Note that in the HID Usage Tables document, there are more examples in Appendix A!

Step 3: Sending IN Reports

Now that you've got your report descriptors all figured out, you need to actually send the data. This is not complicated.

In your configuration descriptor, you gave a polling rate for the endpoint. This polling rate does not imply that the host expects you to transfer a report at that rate. It only means that the host will attempt to start an IN transfer that often. When you have no report to send, make your endpoint NAK (don't STALL).

In my LED Watch project I wrote a USB API which takes care of packetizing for me. When I want to send data, I just point it towards an byte array and it sends it using as many or as few packets. For HID reports, I only sent them as-needed. The only complicated part is constructing the report itself. Follow these simple steps to send an IN report:

  1. Construct your report.
    1. If you use the REPORT_ID token, then make sure the first byte of your report contains the report ID. All the other fields are concatenated later (so an 8-byte report is actually 9-bytes).
    2. One way of organizing this might be to make a C struct that matches the layout of your report. Or you can use a straight-up byte array. Whichever makes the most sense for your application.
  2. Point your USB peripheral towards your report.
    1. This will vary by microcontroller. On the Kinetis K20 (Teensy 3.x series), this is accomplished by pointing the appropriate Buffer Descriptor Table entry towards the memory address of your report. On the STM32 this is accomplished by copying the report data into the Packet Memory Area at the address pointed to by the Buffer Descriptor Table.
  3. Tell your USB peripheral that the endpoint is Valid or Ready. When the host attempts to read the endpoint, the peripheral will send your report.
    1. On both the K20 and STM32 there are just some bits to flip in the endpoint register.
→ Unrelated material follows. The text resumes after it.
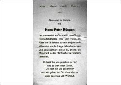 13 J., am Vorabend des Christi-Himmelfahrt-Festes gestorben; Ministrant |

You'll probably want to set up some system for notifying the program that the report was sent. Note that most microcontroller USB peripherals should set an endpoint to NAK once a report has sent, so the host will not see another report to read until you explicitly tell your peripheral to send again.
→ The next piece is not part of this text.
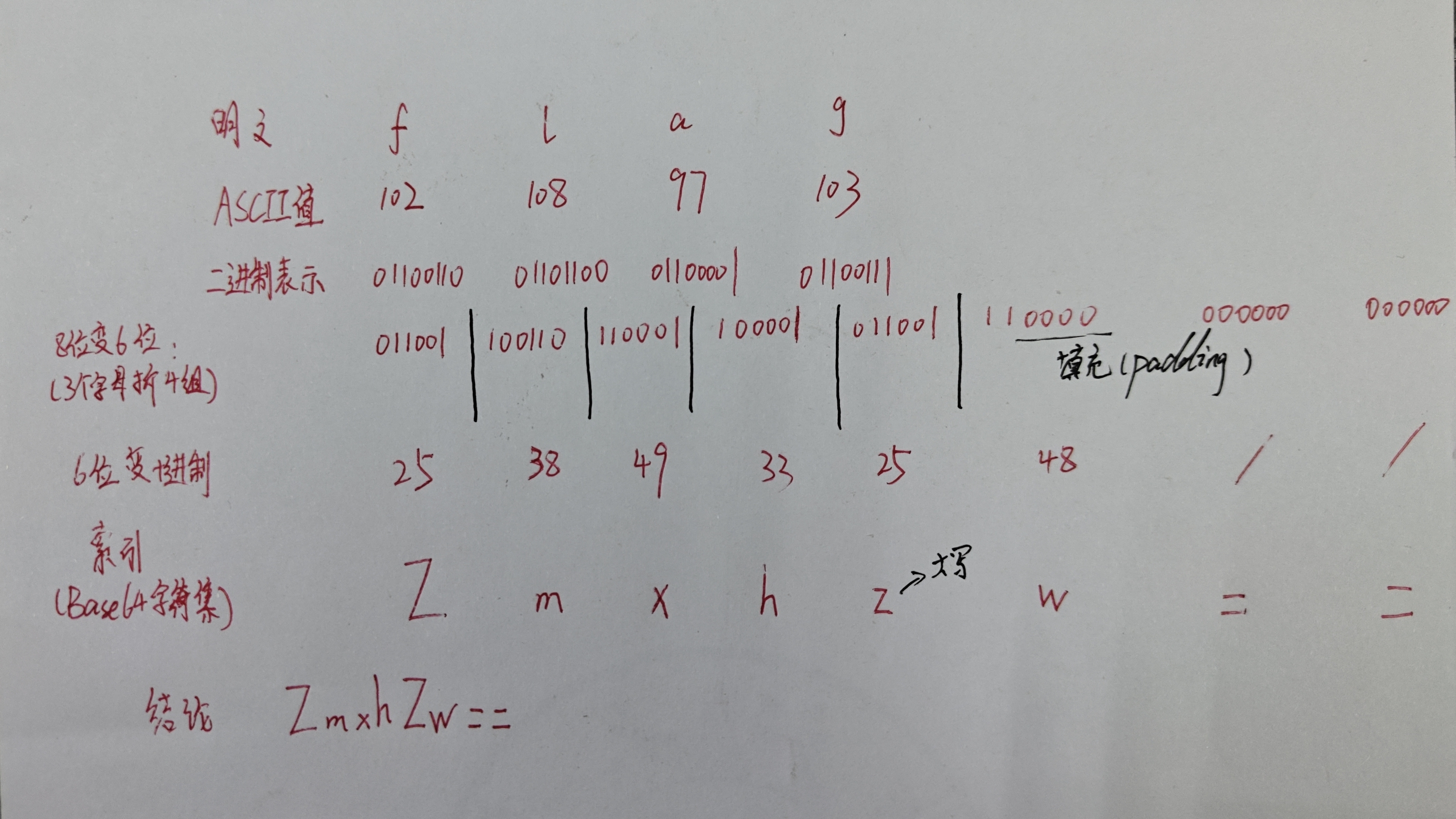 编码原理如下,先将传输的信息转换成二进制,然后这里的二进制串都是8位的,接下来8位变6位,3个字母拆4组,接着6位二进制变十进制,然后按照十进制在Base64字符集中进行索引,上面说的3个字母拆4组,如果说拆的时候不够拆了,要用0填充,但是全是0的那组下面转换索引值后,用=号填充

Step 4: Sending OUT Reports

This is the exact same story as IN reports, except this time you don't construct a report. Instead, you allocate space for it and wait for the host to send. Here's the steps for an OUT report:

  1. Allocate some memory and point your USB endpoint towards it.
  2. Set your USB endpoint to be "Valid" or "Ready". The host can now write to it.
    • Even though it is an interrupt endpoint, the host won't try to write unless it has some new data to send.
  3. Wait for the interrupt from your peripheral that signals that the report has been received.
  4. Process the report and when ready to accept another OUT report, set the endpoint to be "Valid" or "Ready" again.

Remember again that if you used the REPORT_ID token, the first byte will be the report ID and all bytes that follow will be the report.

Host Software

Writing host software for HID devices is not complicated, but there are some gotchas to keep in mind. In general, the operating system will expose USB devices as a file of some kind. On Linux you can use the parsed hid driver or the unparsed hidraw driver (I've only used hidraw). hidraw will let you send raw reports. A similar system exists for Windows. HID devices are exposed as files which can be manipulated either with raw reports (using read and write on the file) or with the hid report parser (via calls to hid.dll).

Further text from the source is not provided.